Lines from the one with "Morelia, Michoacán, 9" through the end of the records, and no others, are what the answer should contain, copied exactly; please keep pictures out.

***** Records for processing

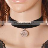 Custom Own Logo Charm Wide Velvet Necklace Big Wide Black Velvet Leather Necklace for Her Gifts 2017
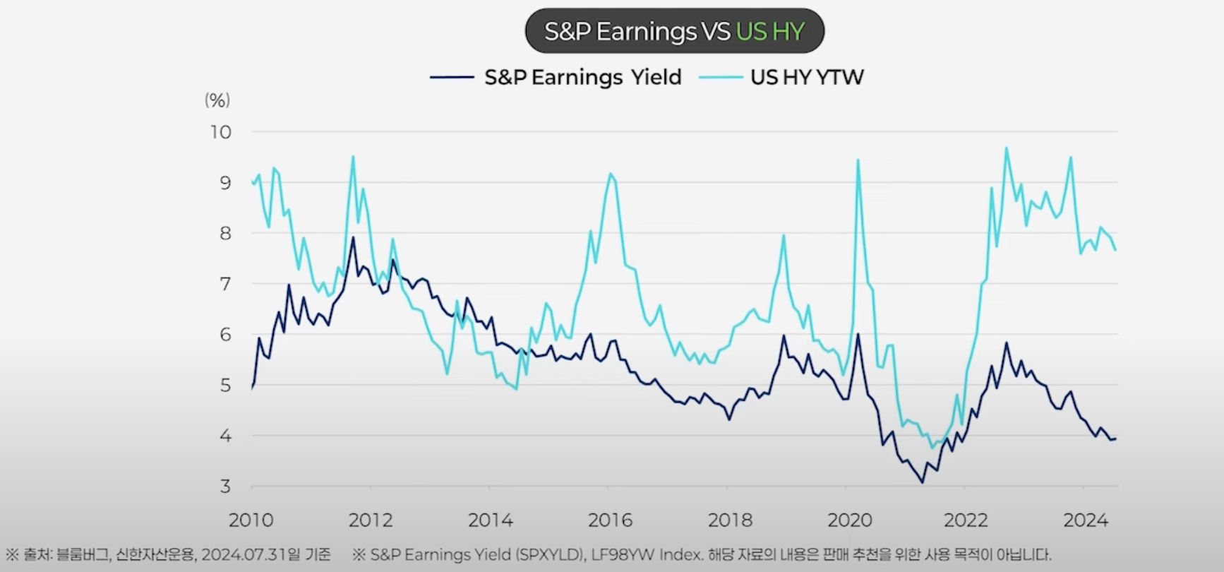 (그래프에서 US HY YTW란, US High Yield Yield-to-Worst, 즉 발행자가 부도나지 않는다는 전제 하에 하이일드 투자자가 얻을 수 있는 가장 낮은 연환산 수익률을 의미합니다.)
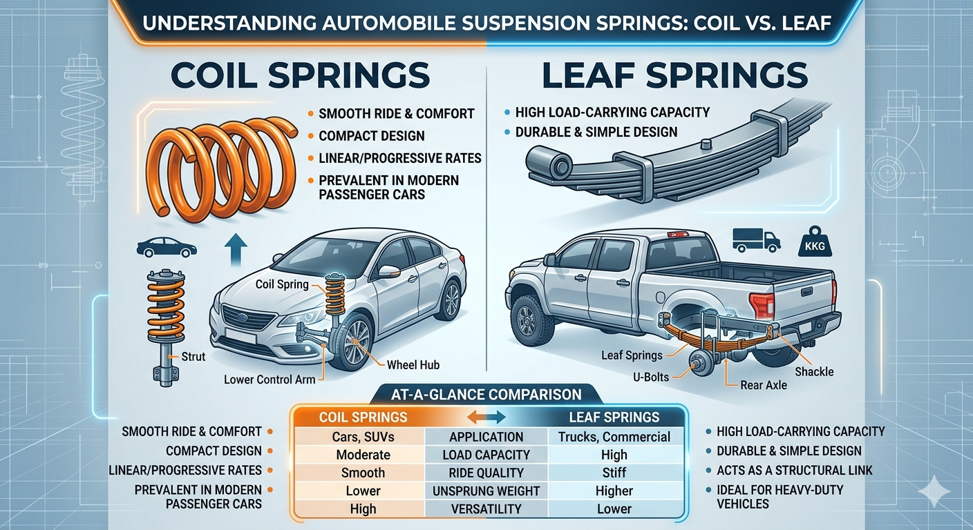 The dvije osnovne vrste opruge za ovjes automobila su zavojne opruge i lisnate opruge . Ove dvije komponente predstavljaju temeljnu tehnologiju koja se kiliisti za podupiranje težine vozila i apsorbiranje udarca na cesti u velikoj većini modernih i klasičnih automobilskih dizajna. Dok postoje drugi sustavi kao što su zračne opruge ili torzijske poluge, varijacije zavojnica i listova ostaju industrijski stiardi zbog svoje pouzdanosti, isplativosti i dokazanih performansi tijekom desetljeća inženjerske evolucije.
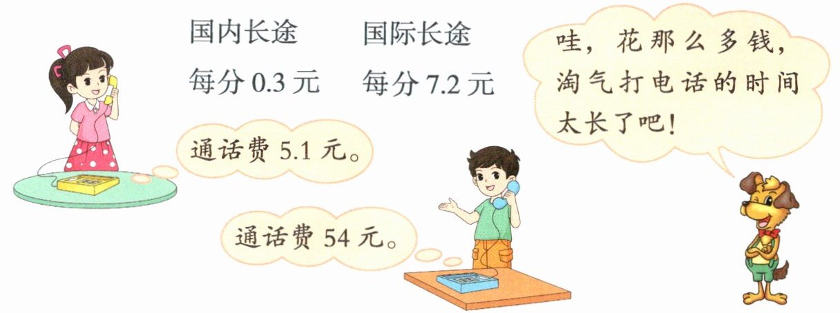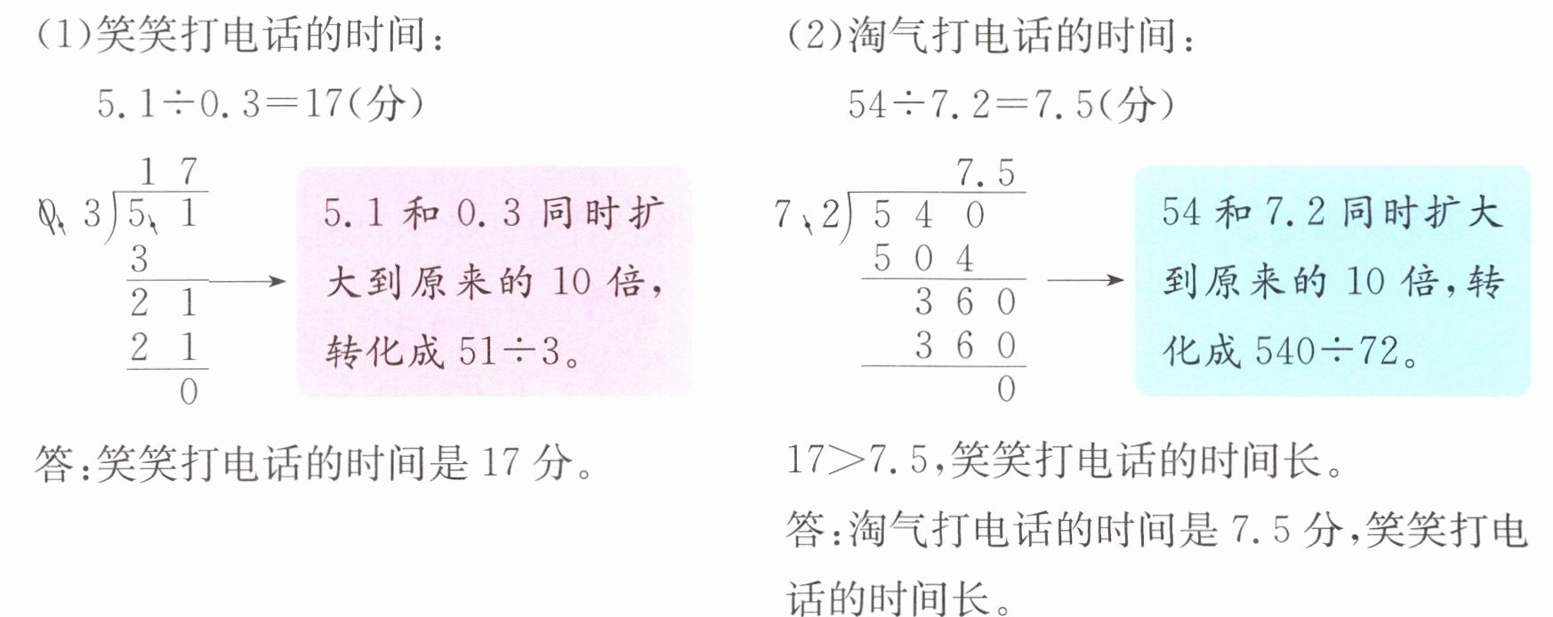 过程探索 要想知道谁打电话的时间长,先分别求出笑笑与淘气打电话的时间,再比较。笑笑打国内长途每分0.3元,用了5.1元,要求笑笑打了几分,就是求5.1里有几个0.3,可以列式为5.1÷0.3;同理,淘气打电话的时间用54÷7.2计算。这两个算式的除数都是(),可以把它们转化成除数是()的除法计算,除数0.3和7.2都是一位小数,把它们扩大到原来的10倍就变成了整数。要使商不变,被除数也应同时扩大到原来的()。这样就把除数是小数的除法转化成了除数是整数的除法。
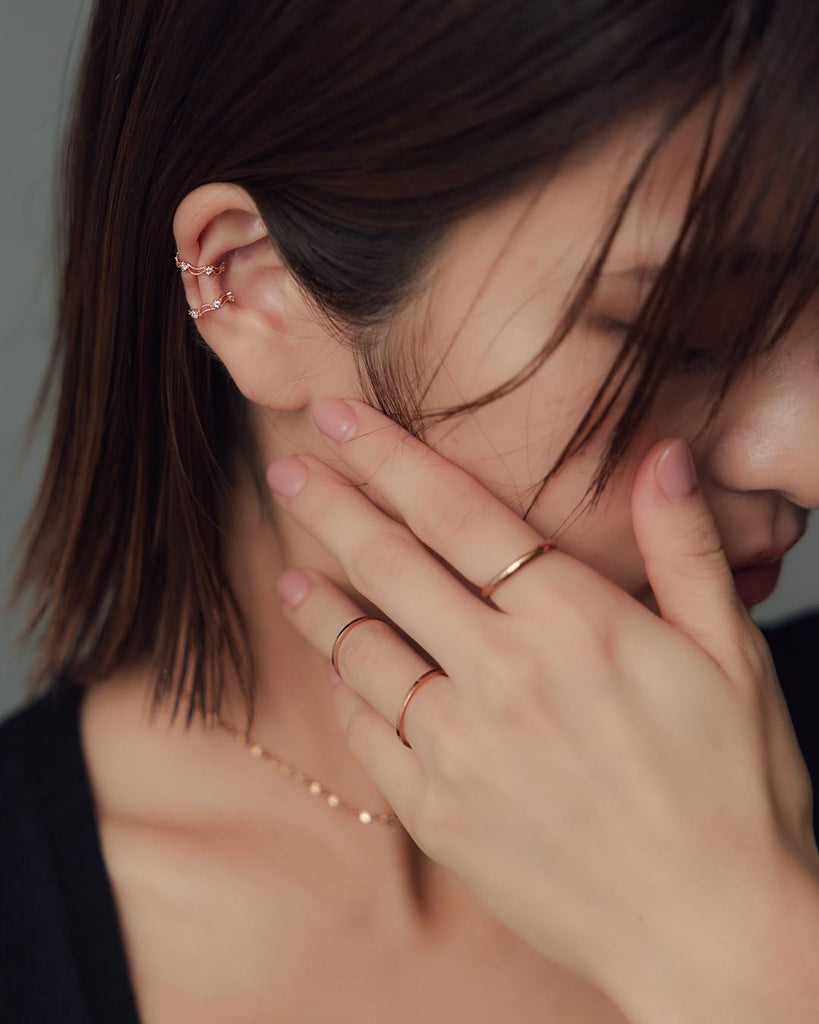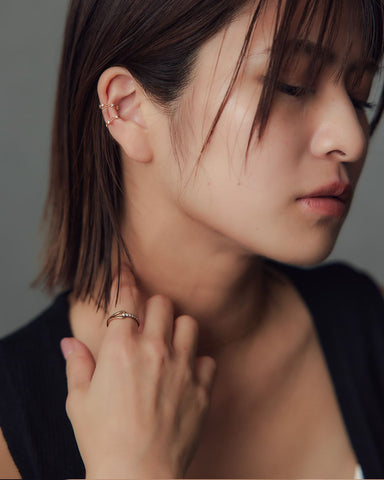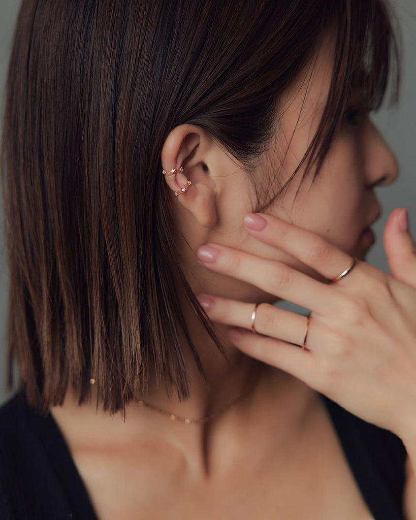 単品使いで上品にまとめるのはもちろん、他のイヤーカフやピアスと重ねて、耳元コーデを楽しむのもおすすめ。
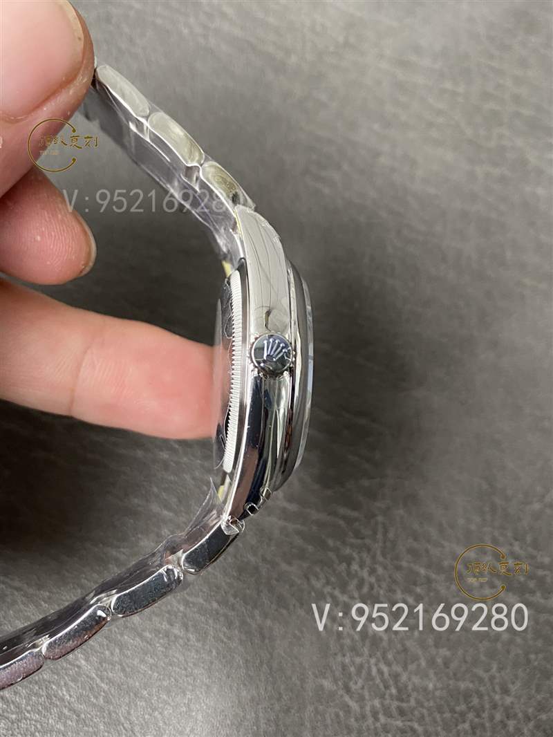 第三個對比的是字面部分,黑色的油性印刷字面,兩者的比較是有差別的.可以看到VS廠整體的字面印刷比較細,這是不對版的狀態.而Clean廠蠔式恒動所有尺寸版本印刷的字面都是比較粗一點,這一點的細節才是對版正品的字面.這一點對比能夠充分表達出C廠恒動與VS廠存在的差異對比.然后整表使用的材質904L精鋼,勞力士正品中就是蠔式鋼,目前對于外觀部分的打磨拉絲拋光的工藝在大廠中都屬于正常操作,就沒有什么可以對比的地方.然后整表的表盤和外觀部分就是這么多,也沒有什么可比性了.
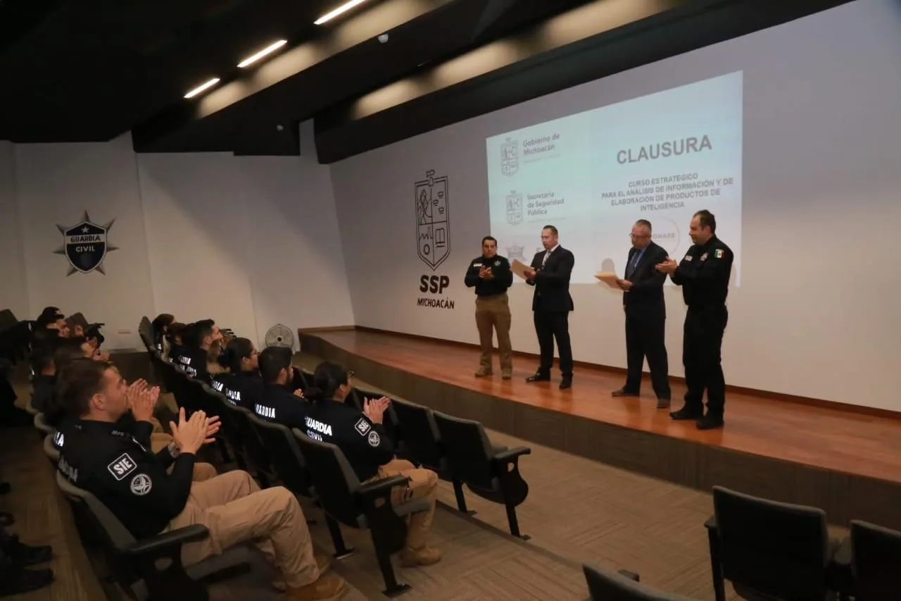 Morelia, Michoacán, 9 de febrero de 2024.- Para la Secretaría de Seguridad Pública (SSP) es prioridad dotar a su personal de herramientas y conocimientos vanguardistas, a fin de brindar un servicio público profesional, por ello, los elementos de la Subsecretaría de Investigación Especializada (SIE) recibieron el Curso Estratégico para el Análisis de Información y de Elaboración de Productos de Inteligencia.
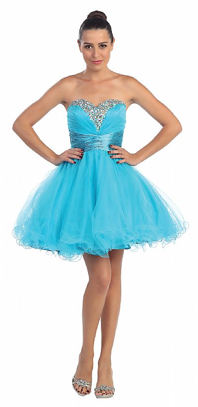 Strapless Sequined Bust Short Tulle Prom Party Dress in Turquoise
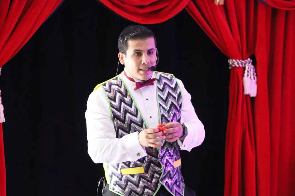 Mientras el público joven y adulto disfrutaba de las interacciones y dinámicas del expositor, en otra área del campus, niñas y niños gozaban del «Show de magia con valores» del Mago Alexander.
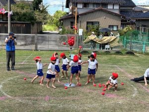 ダンシング玉入れでは、ノリノリで踊り、玉入れを楽しみました。
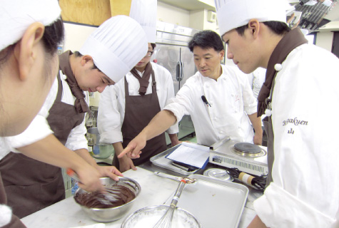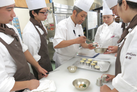 「製菓衛生師」合格をめざすカリキュラム「おいしさ」と「安全」が当たり前に提供できるよう、正しい知識を持ち資格取得をするための学科授業や対策授業に力を入れています。 |
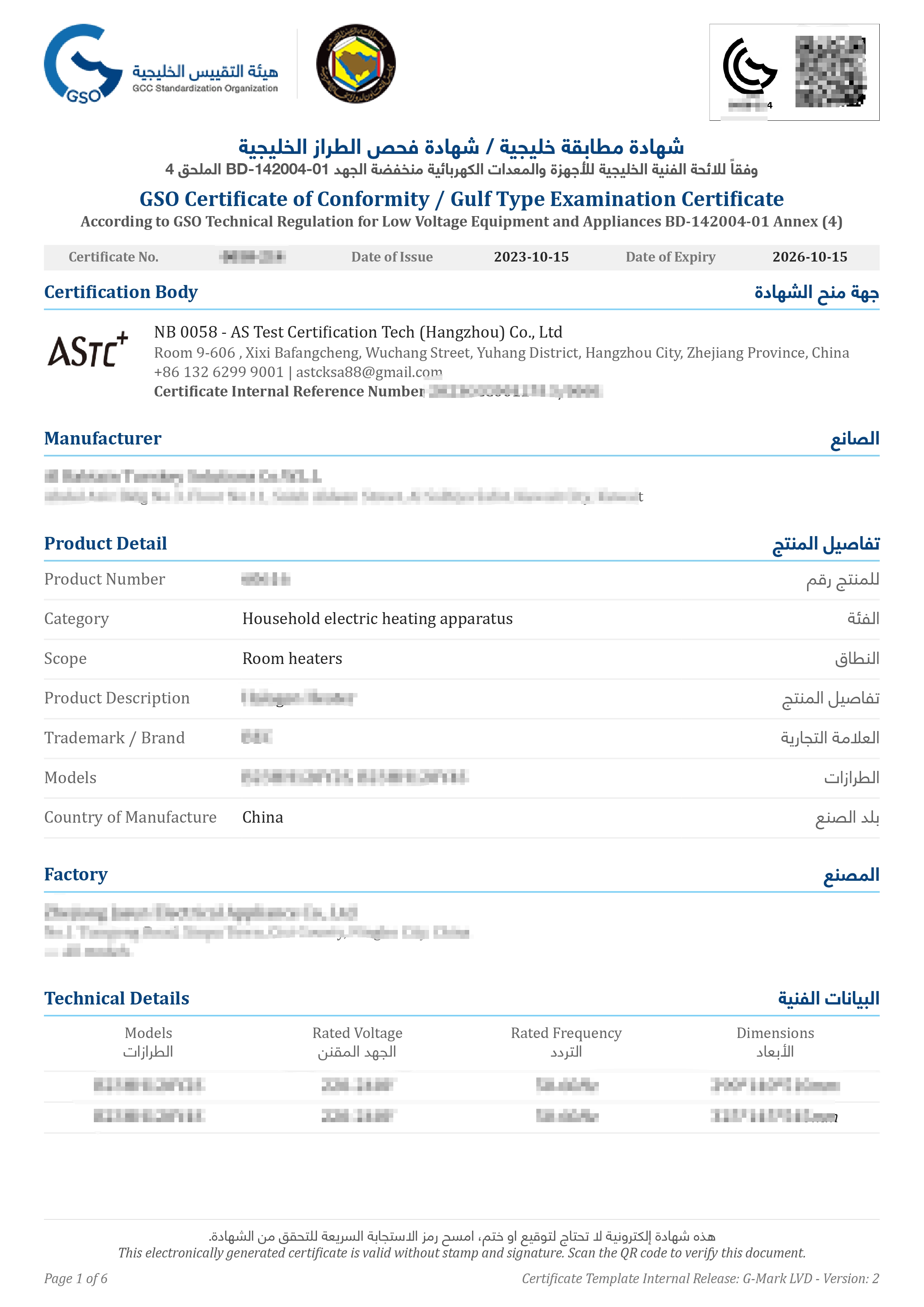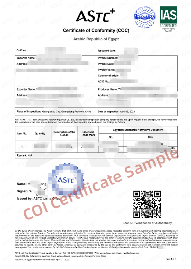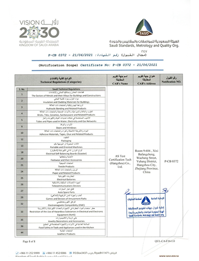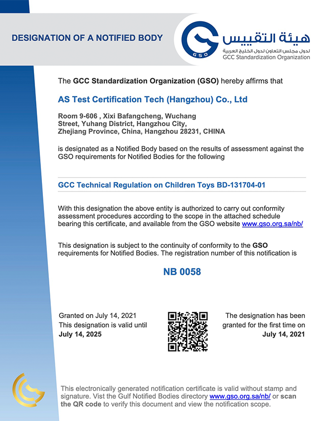ASTC+ is one third-party certification body accredited by GSO, SASO and GOEIC. We can not only issue certificates including G-Mark certificate(both for toys and LVEs), SABER PCoC and SCoC for saudi customs clearance, but also can issue COI for Egypt customs clearance.

**********

#### Response box
 Morelia, Michoacán, 9 de febrero de 2024.- Para la Secretaría de Seguridad Pública (SSP) es prioridad dotar a su personal de herramientas y conocimientos vanguardistas, a fin de brindar un servicio público profesional, por ello, los elementos de la Subsecretaría de Investigación Especializada (SIE) recibieron el Curso Estratégico para el Análisis de Información y de Elaboración de Productos de Inteligencia.
 Strapless Sequined Bust Short Tulle Prom Party Dress in Turquoise
 Mientras el público joven y adulto disfrutaba de las interacciones y dinámicas del expositor, en otra área del campus, niñas y niños gozaban del «Show de magia con valores» del Mago Alexander.
 ダンシング玉入れでは、ノリノリで踊り、玉入れを楽しみました。
 「製菓衛生師」合格をめざすカリキュラム「おいしさ」と「安全」が当たり前に提供できるよう、正しい知識を持ち資格取得をするための学科授業や対策授業に力を入れています。 |
ASTC+ is one third-party certification body accredited by GSO, SASO and GOEIC. We can not only issue certificates including G-Mark certificate(both for toys and LVEs), SABER PCoC and SCoC for saudi customs clearance, but also can issue COI for Egypt customs clearance.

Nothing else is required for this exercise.